Southeastern Section - 73rd Annual Meeting - 2024

Paper No. 14-15
Presentation Time: 8:00 AM-12:00 PM

PREDICTIVE PERFORMANCE CLASSIFICATION OF ROCK UNITS FOR CONSTRUCTION AGGREGATE


STOKOWSKI, Steven, 1500 Laurel Haven Ct., Lawrenceville, GA 30043

It is necessary to understand that pre-production, root-cause, and mappable geologic factors result in a good, marginal, or poor aggregate potential, particularly for durability and strength assessed with engineering tests. Granular base (GB), asphaltic concrete (AC), or portland cement concrete (PCC) use aggregate produced from geologic deposits of rock or natural sand and gravel. What is an effective and rapid classification scheme during geologic mapping? Are the geologic classifications of igneous, metamorphic, and sedimentary adequate? Is ASTM C294 adequate when it classifies rocks? Are IUGS or Folk classification schemes too detailed? Does simple engineering data from the Los Angeles Degradation or Micro Deval tests result in rapid, effective classification for geologic mapping?
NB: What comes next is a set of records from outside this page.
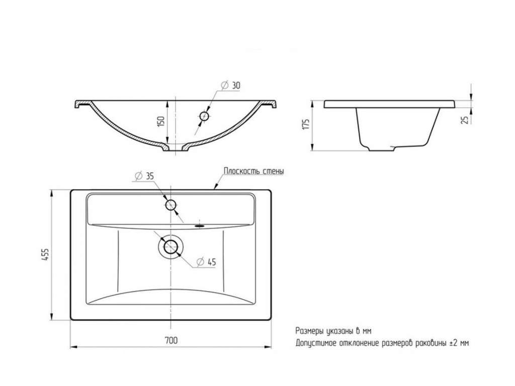 - Тумба с раковиной Uperwood Foster белая 70 см
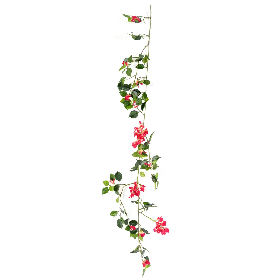 Cette branche artificielle de bougainvillier présentée sous la forme d’une guirlande de 110 cm de longueur est ignifugée et traitée à la conception. Les parties de la liane imitent des brindilles de bois vert marron. Le feuillage synthétique met en avant des fleurons de couleur rose fuchsia semblables aux véritables fleurs de bougainvillier. Conçue pour reproduire la beauté naturelle du bougainvillier, la guirlande est parfaite pour ajouter une touche méridionale élégante aux créations végétales, sans les tracas de l'entretien.
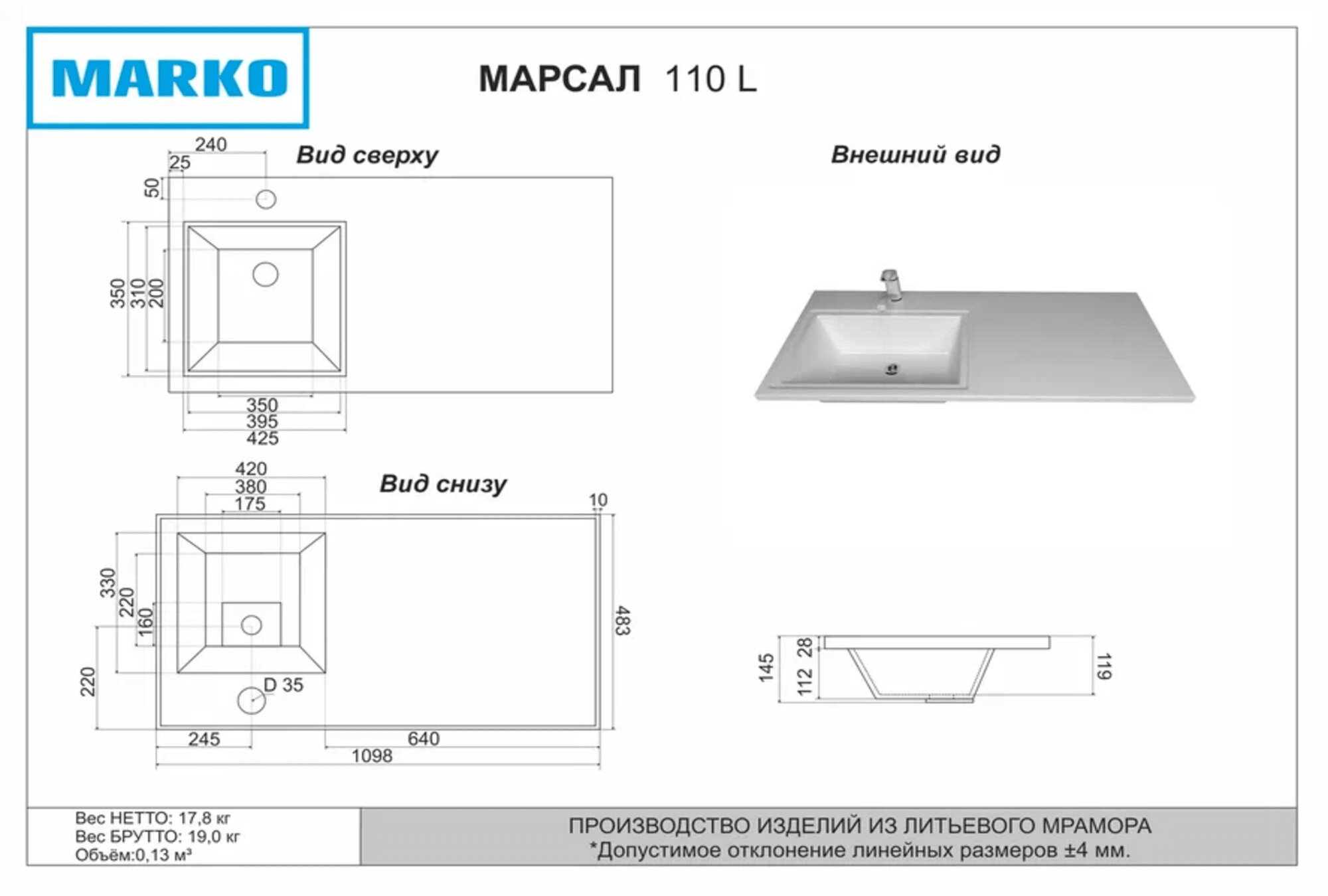| Отверстие под смеситель | + |
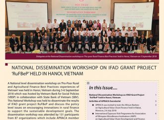 Nationa l Dissemination Workshop on IFAD Grant Project 1 ‘RuFBeP’ held in Hanoi, Vietnam Activities of APRACA Secretariat APRACA was invited to train the African Bankers on ‘Agricultural Value Chain Finance’ held in Rabat, Morocco, 2-6 July 2018 International Exposure Visit Programme for Association of Ethiopian Microfinance Institutions (AMFI) on Agricultural Value Chain Development and
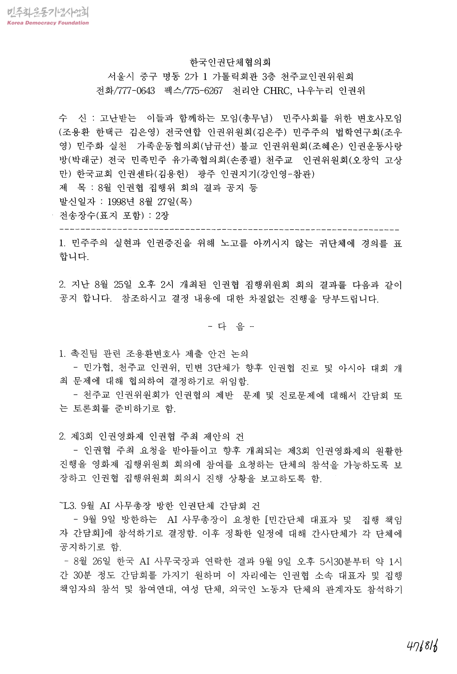 8월 인권협 집행위 회의 결과 공지 등[[수신:고난받는이들과함께하는모임,민주사회를위한변호사모임,전국연합인권위원회,민주주의법학연구회,민주화실천가족운동협의회,불교인권위원회,인권운동사랑방,전국민족민주유가족협의회,천주교인권위원회,한국교회인권센타,광주인권지기]

Geologic mapping for aggregate must consider the potential performance of the product. A classification method using engineering product requirements and geologic criteria can identify rock with inherent quality or marginal rock correctable during extraction and processing. For GB, AC, and PCC, the most significant mappable geologic factors influencing the quality are weathering or alteration in the rock deposit, grain size, rock fabric, inadequate cementation, shale presence, and potentially reactive minerals. These visually-identifiable criteria correlate with the results of physical engineering tests such as LA, Micro Deval, or sulfate soundness. The aggregate in PCC must not expansively degrade in the wet, high-pH, and often oxidizing environment of PCC; thus, rapid geologic identification of minerals such as laumontite, opal, pyrrhotite or strained micro-fractured quartz suggests potential performance problems. In suspect lithologies, slower ASTM C1778 criteria and testing can quantify rock components that degrade. Different engineering criteria are essential for some rock in AC paving layers; these also correlate with readily identified, inherent geologic properties. In AC, the abundance and size of quartz and mica affect the moisture susceptibility of asphalt and rock as quantified by the modified Lottman test using AASHTO T283 or T324.